Royal Romances: Titillating Tales of Passion and Power in the Palaces of Europe (60 page)

At least she was appreciated. The king and queen utterly adored their new daughter-in-law. “The better I know and the more I see of your dear little wife, the more charming I think she is and everyone falls in love with her,” the king told Bertie. George V was notoriously brusque and blunt and had a tense relationship with his children. But Elizabeth had thoroughly enchanted him from the start, and she never found herself at the receiving end of the criticism that had so undermined her husband’s confidence.

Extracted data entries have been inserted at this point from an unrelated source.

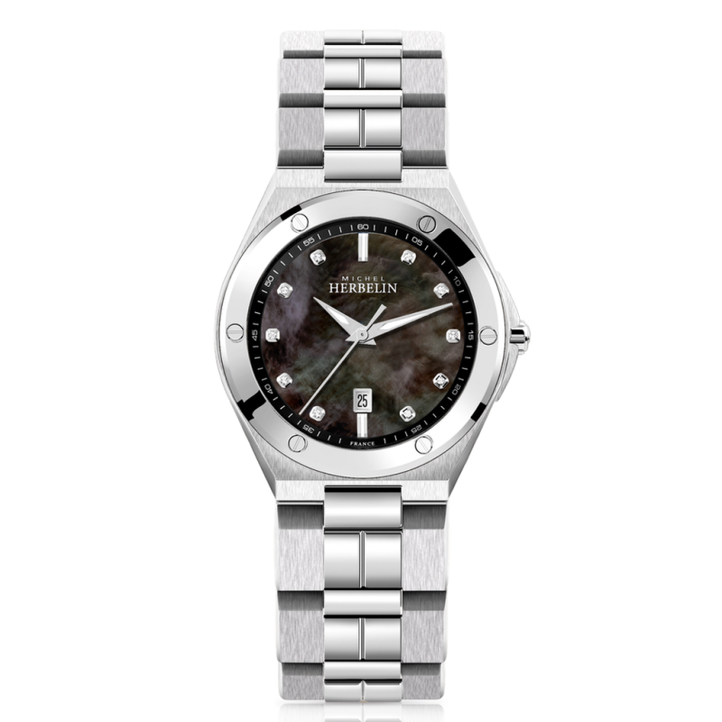 Michel Herbelin Cap Camarat armbåndsur til dame, 34,5 mm, stål lenke med foldespenne, polert bezel med skruer, sort perlemorskive med 10 diamanter og sølv visere med Super-LumiNova®, sveitsisk quartz-urverk, dato, safirglass, stål baklokk, 10 bar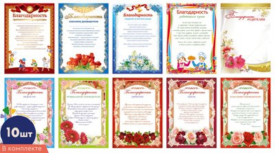 *КШ-14675 Комплект благодарностей (10 шт.: 5 видов по 2 шт.)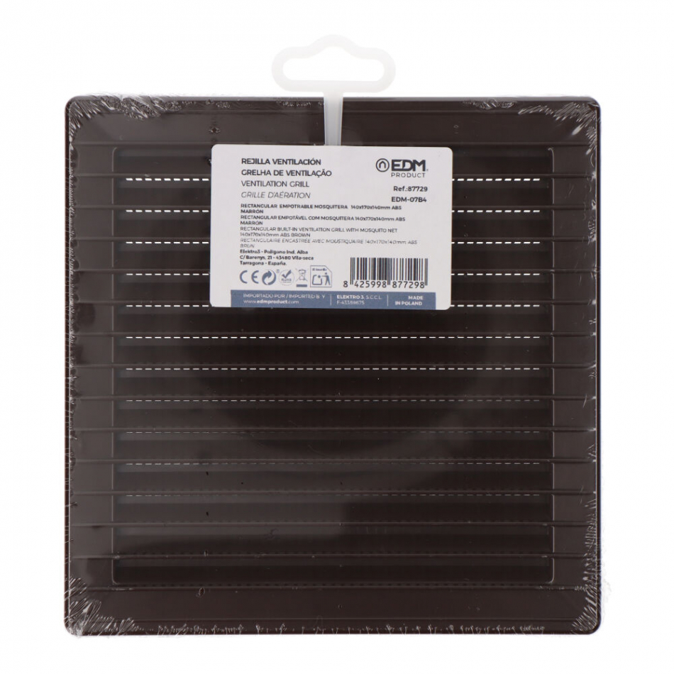 Rejilla ventilación cuadrada empotrable con mosquitera 140 x 140mm abs marrón
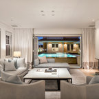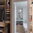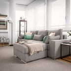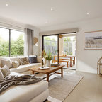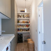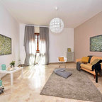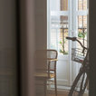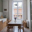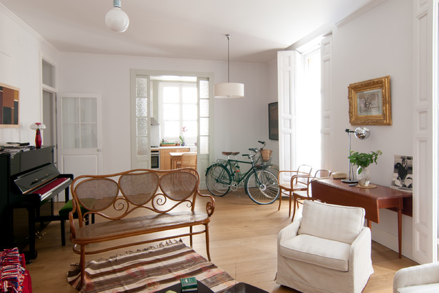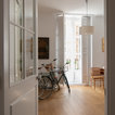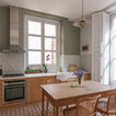 Cocina y salón conectados por una puerta doble corredera con cuarterones de cristal comprada en Otranto (BCN)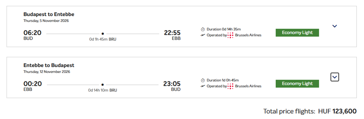 Für dieses Abenteuer können Sie mit Brussels Airlines von Budapest aus starten. Spezielle Rückflugtickets nach Entebbe sind von September bis November zu Preisen ab 123 600 huf erhältlich.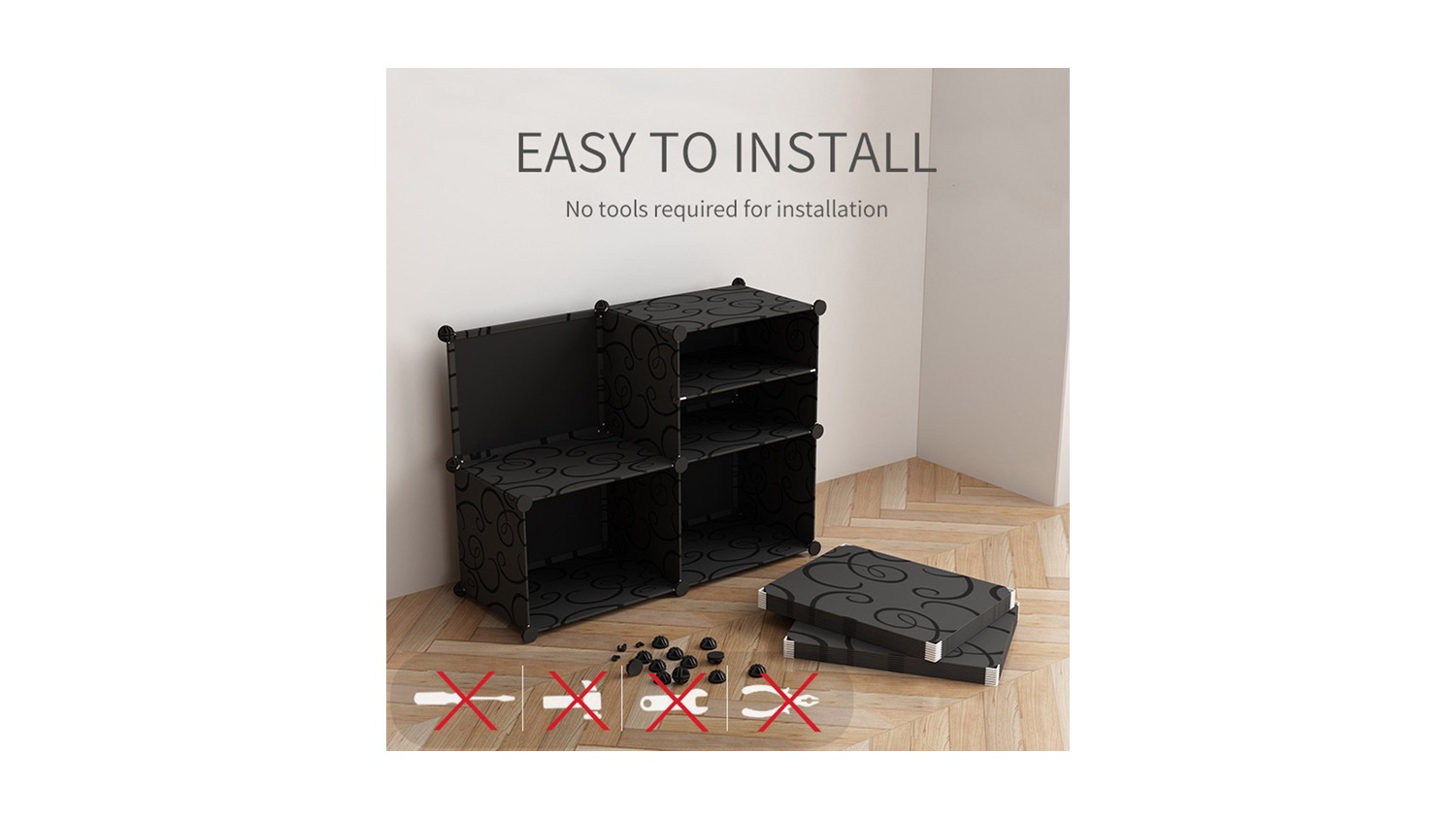 *We recommend using a pair of gloves to protect the hands from getting scratched or harmed while attaching the panels with the connectors. An anti-dumping accessory is provided to avoid shelf dumping by kids, making it safer when there is a kid around.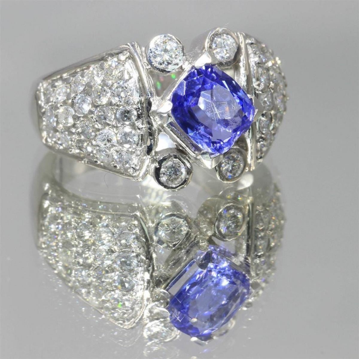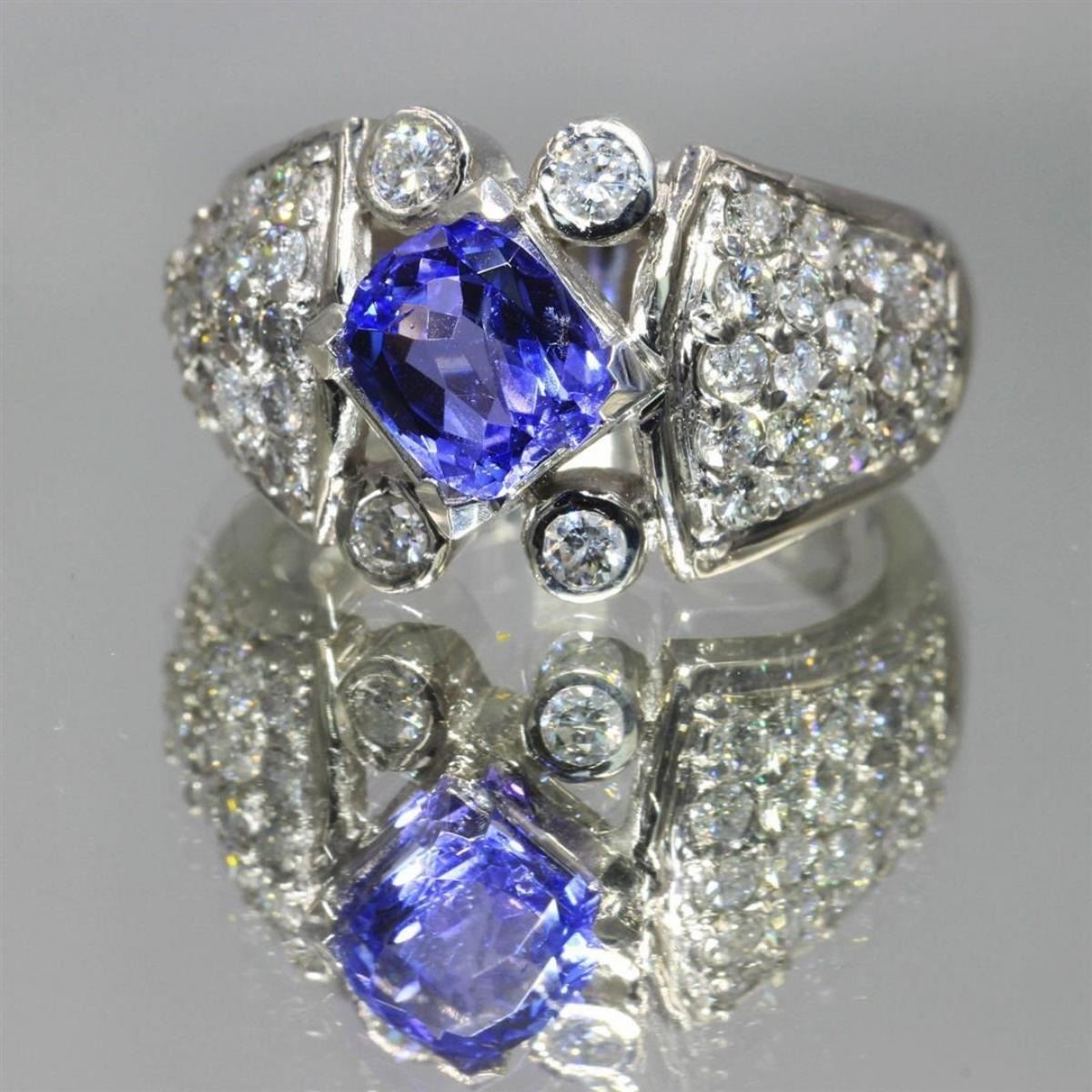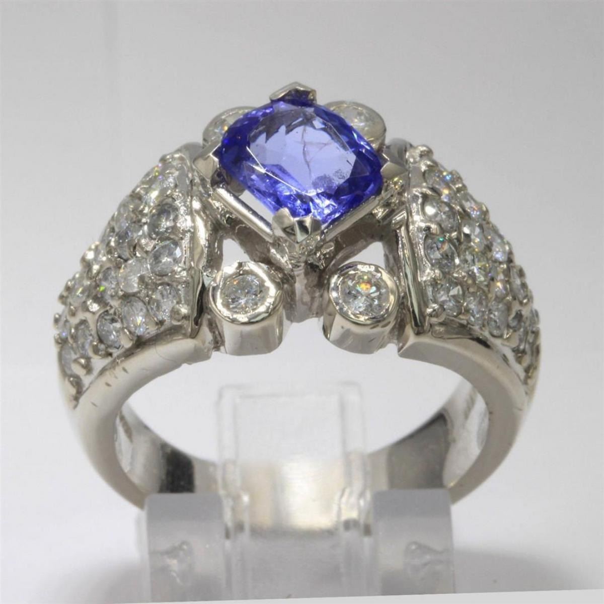 One engagement ring featuring: 14KT white gold weighing 9.23 grams containing one tanzanite weighing 1.35ct and diamonds weighing 1.115ctw. The tanzanite is purple-blue color and AAA grade. The diamonds are round brilliant cut with SI1-SI2 clarity and G-H color. The ring is a size 7.25 but is resizable.

One of their contemporaries, Henry “Chips” Channon, observed of Bertie, “He had few friends and was almost entirely dependent on her, whom he worshipped. She was his will power, his all.” Before their marriage the duke had never been self-possessed. He was always nervous in public, particularly about his stammer. His anxiety exacerbated the problem, and the problem exacerbated his anxiety. It was a vicious cycle of perpetual torment.

As an adolescent, Bertie had serious gastric problems, attributed to his being badly fed by his nurse during his infancy. And his acute stammer could have been a result of his father’s gruff insistence on breaking Bertie of his left-handedness. The duke also had an ungovernable temper, suffering fits or outbursts that his family called “gnashes.” These tantrums alternated with periods of introspection and profound melancholy. Unfortunately, his various afflictions may have had repercussions in the marital bed.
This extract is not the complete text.